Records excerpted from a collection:
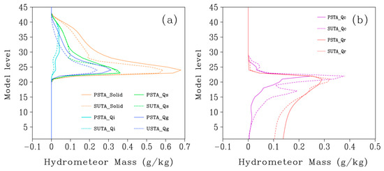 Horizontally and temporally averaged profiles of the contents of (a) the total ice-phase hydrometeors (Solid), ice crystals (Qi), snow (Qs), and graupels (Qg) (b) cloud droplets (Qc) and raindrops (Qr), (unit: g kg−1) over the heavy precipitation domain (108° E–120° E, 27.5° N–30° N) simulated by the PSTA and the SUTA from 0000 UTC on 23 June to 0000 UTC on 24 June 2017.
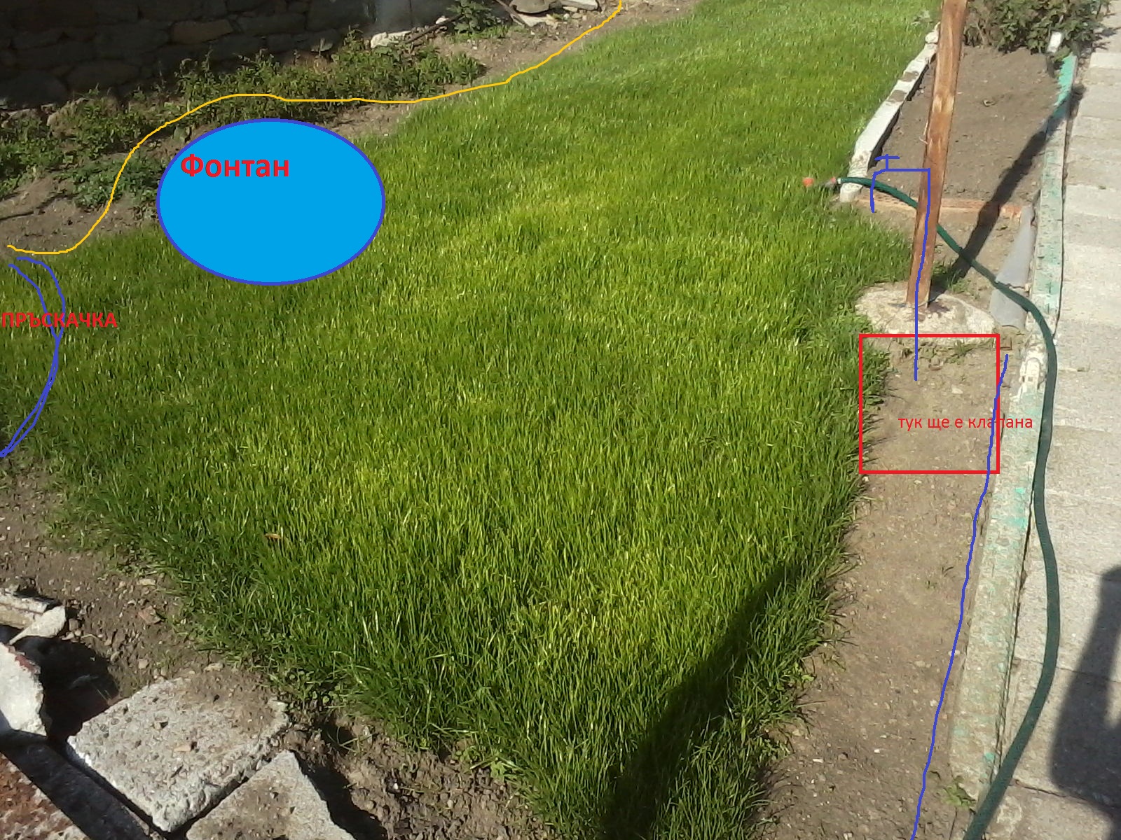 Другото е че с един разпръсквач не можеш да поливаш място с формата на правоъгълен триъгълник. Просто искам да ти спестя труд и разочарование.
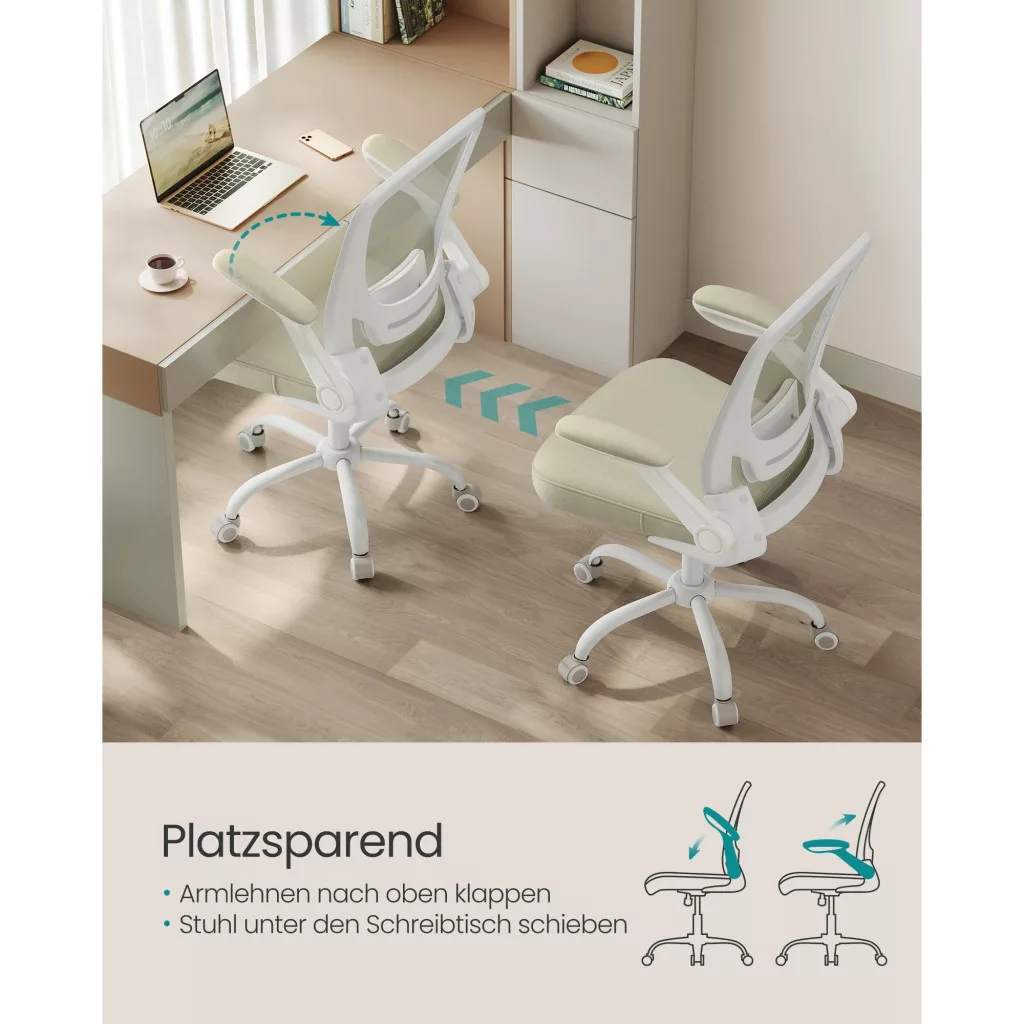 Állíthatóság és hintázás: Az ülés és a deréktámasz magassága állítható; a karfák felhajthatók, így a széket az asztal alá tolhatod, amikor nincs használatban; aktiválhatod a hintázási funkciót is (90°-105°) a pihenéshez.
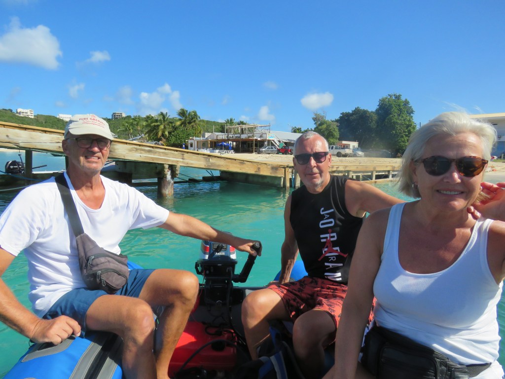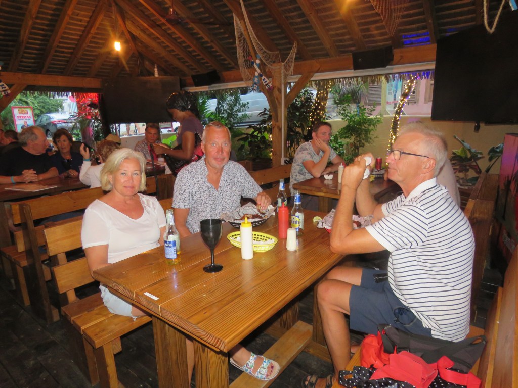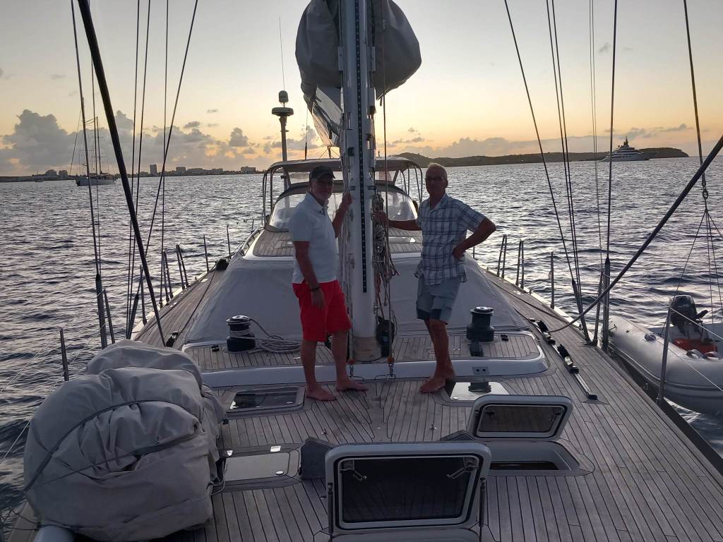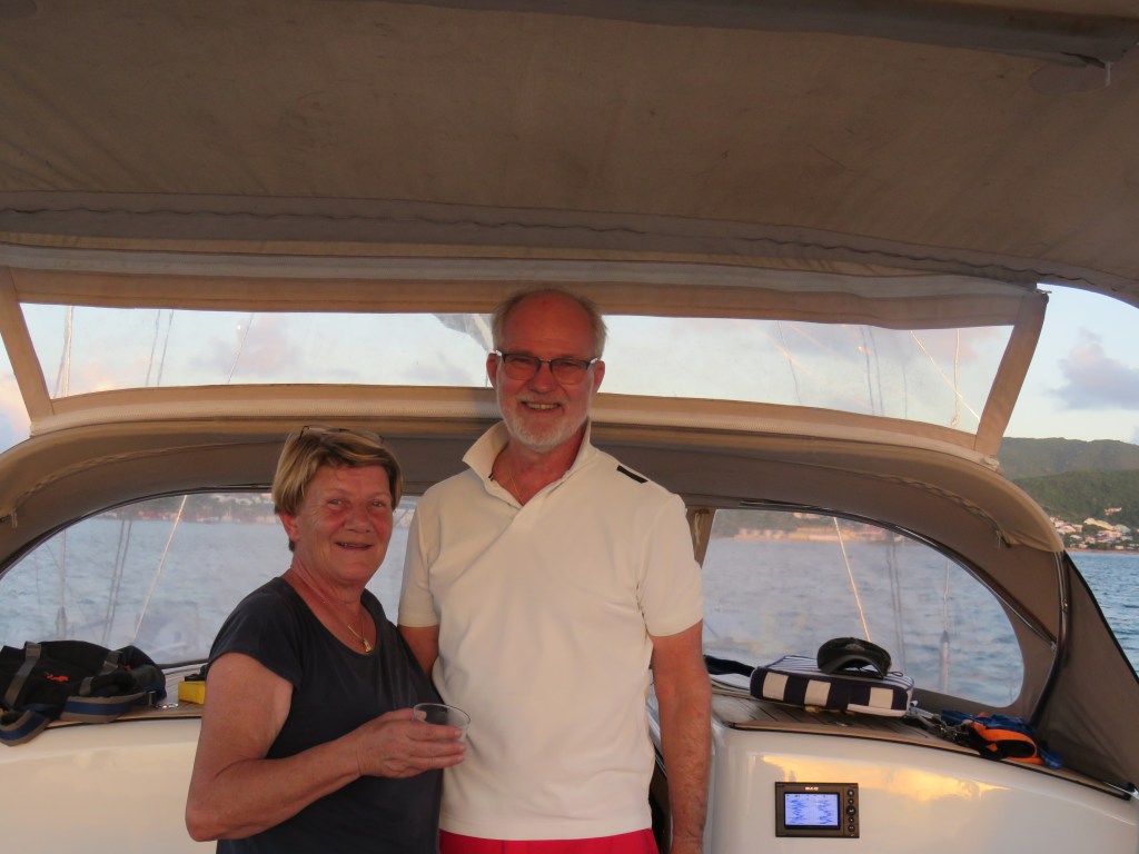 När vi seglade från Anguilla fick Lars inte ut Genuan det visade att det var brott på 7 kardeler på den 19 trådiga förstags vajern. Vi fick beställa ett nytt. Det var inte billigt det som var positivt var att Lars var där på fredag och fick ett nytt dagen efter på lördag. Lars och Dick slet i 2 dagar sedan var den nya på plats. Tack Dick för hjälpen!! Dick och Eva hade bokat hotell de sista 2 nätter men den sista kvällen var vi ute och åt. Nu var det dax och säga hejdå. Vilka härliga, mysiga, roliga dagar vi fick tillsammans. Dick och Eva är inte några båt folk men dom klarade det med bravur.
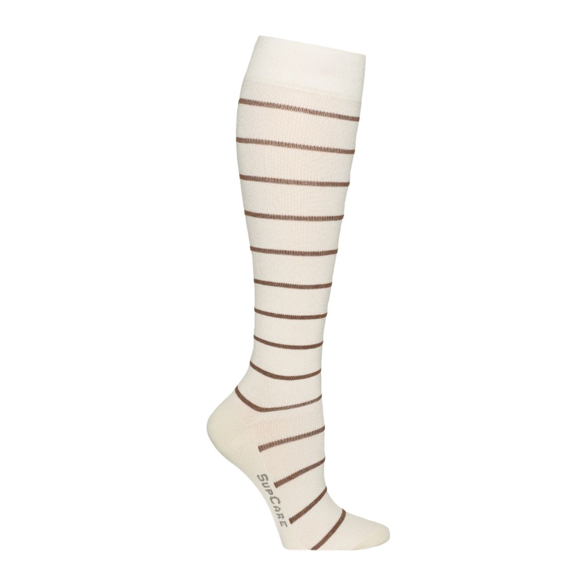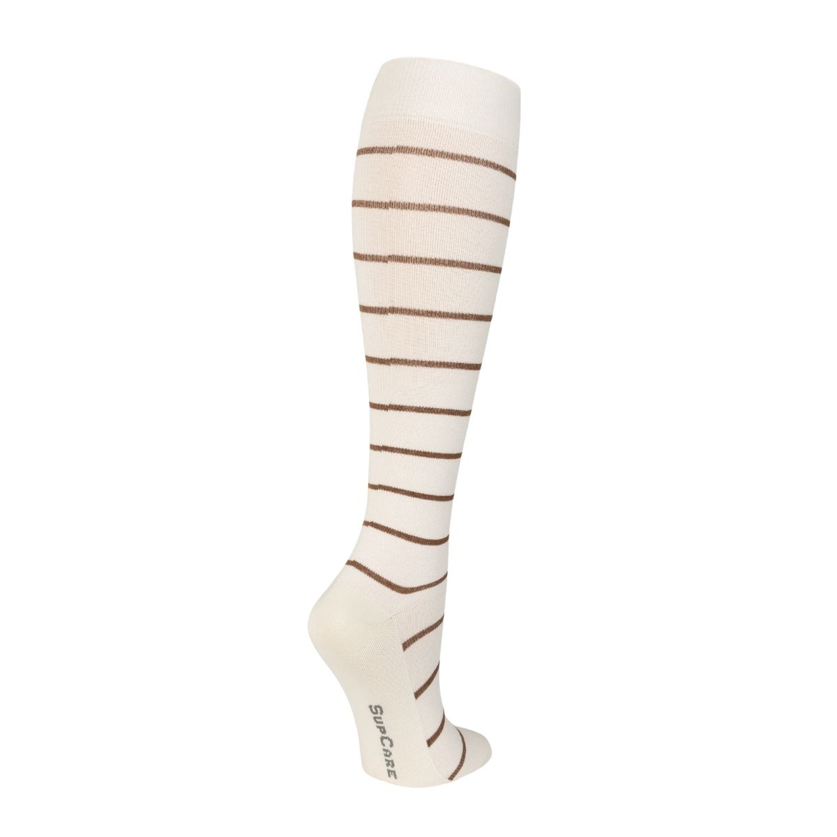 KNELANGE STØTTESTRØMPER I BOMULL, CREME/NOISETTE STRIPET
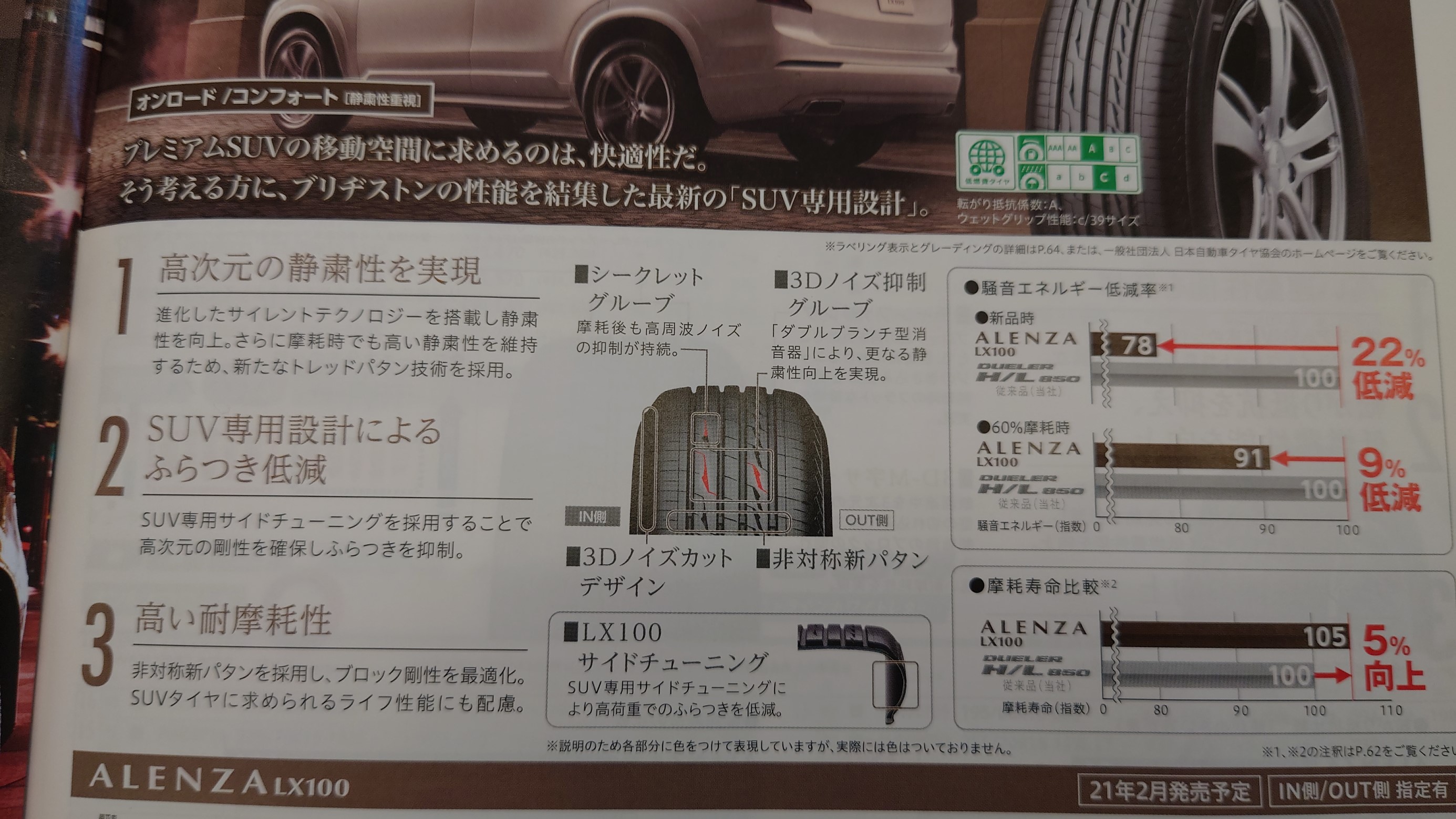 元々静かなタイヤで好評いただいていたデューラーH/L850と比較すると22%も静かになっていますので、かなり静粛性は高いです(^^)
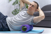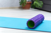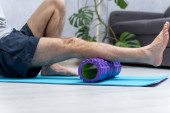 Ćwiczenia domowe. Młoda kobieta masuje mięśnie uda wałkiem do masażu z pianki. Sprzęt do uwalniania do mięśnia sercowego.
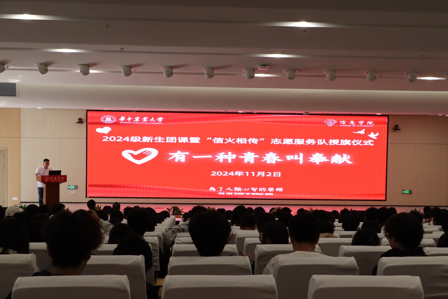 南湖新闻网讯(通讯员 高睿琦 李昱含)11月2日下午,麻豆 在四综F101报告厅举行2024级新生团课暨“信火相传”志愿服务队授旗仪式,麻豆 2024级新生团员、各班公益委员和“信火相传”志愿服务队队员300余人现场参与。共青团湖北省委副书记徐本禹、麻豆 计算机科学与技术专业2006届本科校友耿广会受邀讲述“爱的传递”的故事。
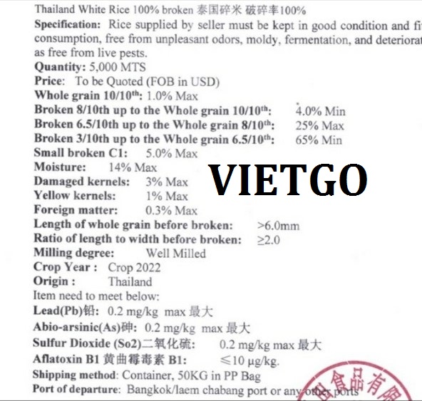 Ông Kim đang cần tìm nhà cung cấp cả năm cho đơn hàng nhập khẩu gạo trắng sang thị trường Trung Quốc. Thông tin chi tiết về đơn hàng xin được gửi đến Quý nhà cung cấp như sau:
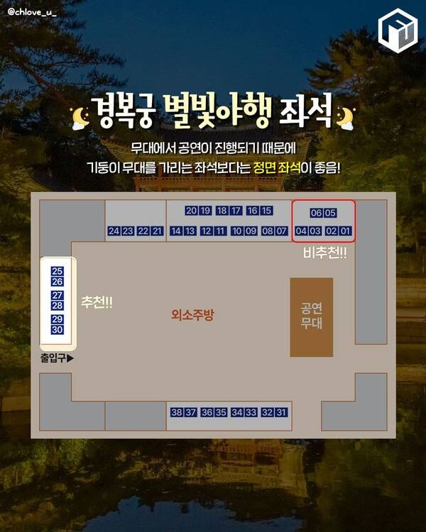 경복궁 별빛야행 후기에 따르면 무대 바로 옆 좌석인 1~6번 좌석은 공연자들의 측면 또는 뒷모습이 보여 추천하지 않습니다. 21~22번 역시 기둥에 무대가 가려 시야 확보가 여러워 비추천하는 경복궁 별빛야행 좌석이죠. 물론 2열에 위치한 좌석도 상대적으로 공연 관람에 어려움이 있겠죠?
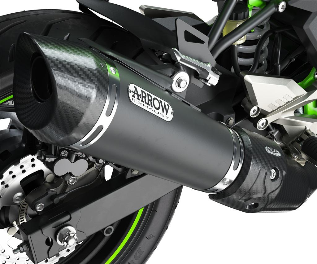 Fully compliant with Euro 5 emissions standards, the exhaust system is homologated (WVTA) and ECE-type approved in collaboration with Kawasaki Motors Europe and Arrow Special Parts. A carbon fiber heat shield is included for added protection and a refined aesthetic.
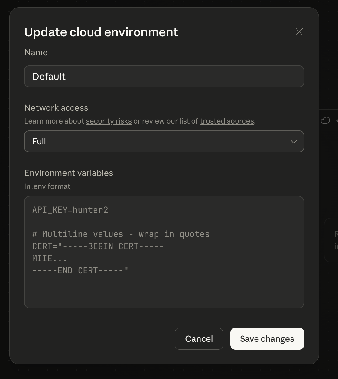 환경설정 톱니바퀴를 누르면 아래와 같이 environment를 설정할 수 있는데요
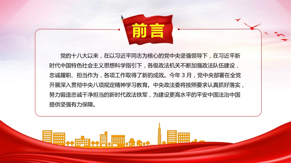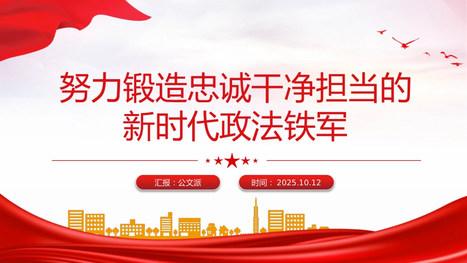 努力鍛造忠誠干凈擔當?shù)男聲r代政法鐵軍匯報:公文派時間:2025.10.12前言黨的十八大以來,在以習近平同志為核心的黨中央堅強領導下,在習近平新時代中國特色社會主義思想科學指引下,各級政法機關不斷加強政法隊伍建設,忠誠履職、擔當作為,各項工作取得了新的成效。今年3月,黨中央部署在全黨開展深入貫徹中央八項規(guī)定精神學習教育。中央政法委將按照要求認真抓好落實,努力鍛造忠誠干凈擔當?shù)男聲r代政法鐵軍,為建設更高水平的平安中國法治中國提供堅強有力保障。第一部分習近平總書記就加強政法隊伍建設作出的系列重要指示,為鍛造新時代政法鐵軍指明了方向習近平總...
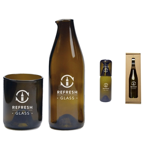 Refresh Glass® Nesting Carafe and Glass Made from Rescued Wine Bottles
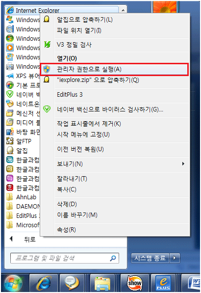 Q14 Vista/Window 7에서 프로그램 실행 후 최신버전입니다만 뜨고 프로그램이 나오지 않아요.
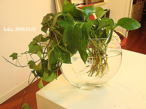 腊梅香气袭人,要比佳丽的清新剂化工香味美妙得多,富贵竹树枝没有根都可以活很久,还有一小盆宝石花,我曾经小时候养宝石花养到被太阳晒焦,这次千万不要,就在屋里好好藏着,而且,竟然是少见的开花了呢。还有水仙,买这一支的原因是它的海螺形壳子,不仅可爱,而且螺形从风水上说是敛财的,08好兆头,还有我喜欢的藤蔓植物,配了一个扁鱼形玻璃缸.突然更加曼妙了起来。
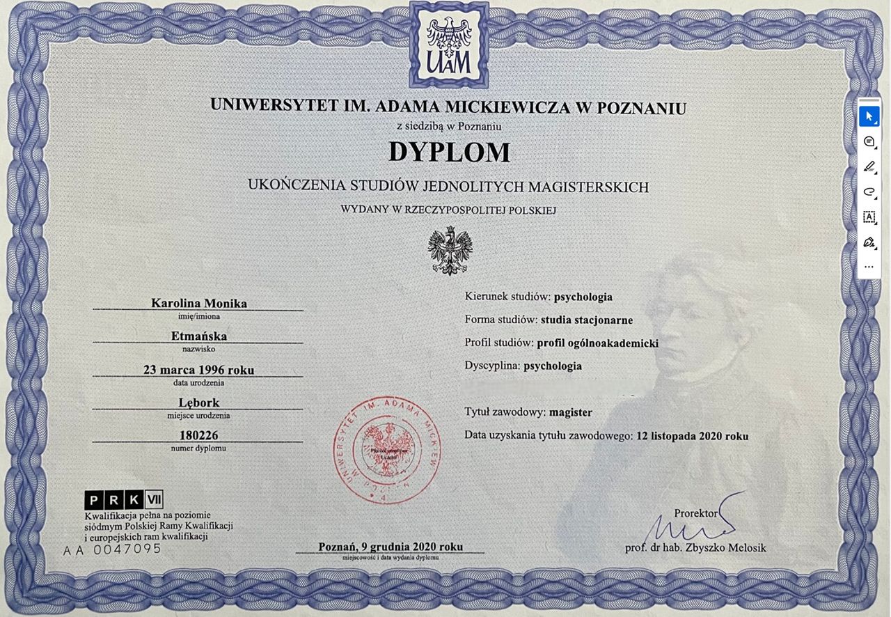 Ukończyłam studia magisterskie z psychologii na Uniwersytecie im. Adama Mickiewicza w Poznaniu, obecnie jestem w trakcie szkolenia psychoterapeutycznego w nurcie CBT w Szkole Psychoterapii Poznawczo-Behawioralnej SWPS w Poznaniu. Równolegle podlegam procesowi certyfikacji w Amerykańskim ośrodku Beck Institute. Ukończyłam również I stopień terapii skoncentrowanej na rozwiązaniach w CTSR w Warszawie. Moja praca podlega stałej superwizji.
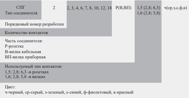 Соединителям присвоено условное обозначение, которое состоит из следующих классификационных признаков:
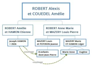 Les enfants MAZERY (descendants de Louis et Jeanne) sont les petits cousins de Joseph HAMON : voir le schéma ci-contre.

**Directions**
Print out the entries above word for word from the first line to the line containing "Ćwiczenia domowe. Młoda", both included, omitting the pictures.

**Answer space**
 Horizontally and temporally averaged profiles of the contents of (a) the total ice-phase hydrometeors (Solid), ice crystals (Qi), snow (Qs), and graupels (Qg) (b) cloud droplets (Qc) and raindrops (Qr), (unit: g kg−1) over the heavy precipitation domain (108° E–120° E, 27.5° N–30° N) simulated by the PSTA and the SUTA from 0000 UTC on 23 June to 0000 UTC on 24 June 2017.
 Другото е че с един разпръсквач не можеш да поливаш място с формата на правоъгълен триъгълник. Просто искам да ти спестя труд и разочарование.
 Állíthatóság és hintázás: Az ülés és a deréktámasz magassága állítható; a karfák felhajthatók, így a széket az asztal alá tolhatod, amikor nincs használatban; aktiválhatod a hintázási funkciót is (90°-105°) a pihenéshez.
 När vi seglade från Anguilla fick Lars inte ut Genuan det visade att det var brott på 7 kardeler på den 19 trådiga förstags vajern. Vi fick beställa ett nytt. Det var inte billigt det som var positivt var att Lars var där på fredag och fick ett nytt dagen efter på lördag. Lars och Dick slet i 2 dagar sedan var den nya på plats. Tack Dick för hjälpen!! Dick och Eva hade bokat hotell de sista 2 nätter men den sista kvällen var vi ute och åt. Nu var det dax och säga hejdå. Vilka härliga, mysiga, roliga dagar vi fick tillsammans. Dick och Eva är inte några båt folk men dom klarade det med bravur.
 KNELANGE STØTTESTRØMPER I BOMULL, CREME/NOISETTE STRIPET
 元々静かなタイヤで好評いただいていたデューラーH/L850と比較すると22%も静かになっていますので、かなり静粛性は高いです(^^)
 Ćwiczenia domowe. Młoda kobieta masuje mięśnie uda wałkiem do masażu z pianki. Sprzęt do uwalniania do mięśnia sercowego.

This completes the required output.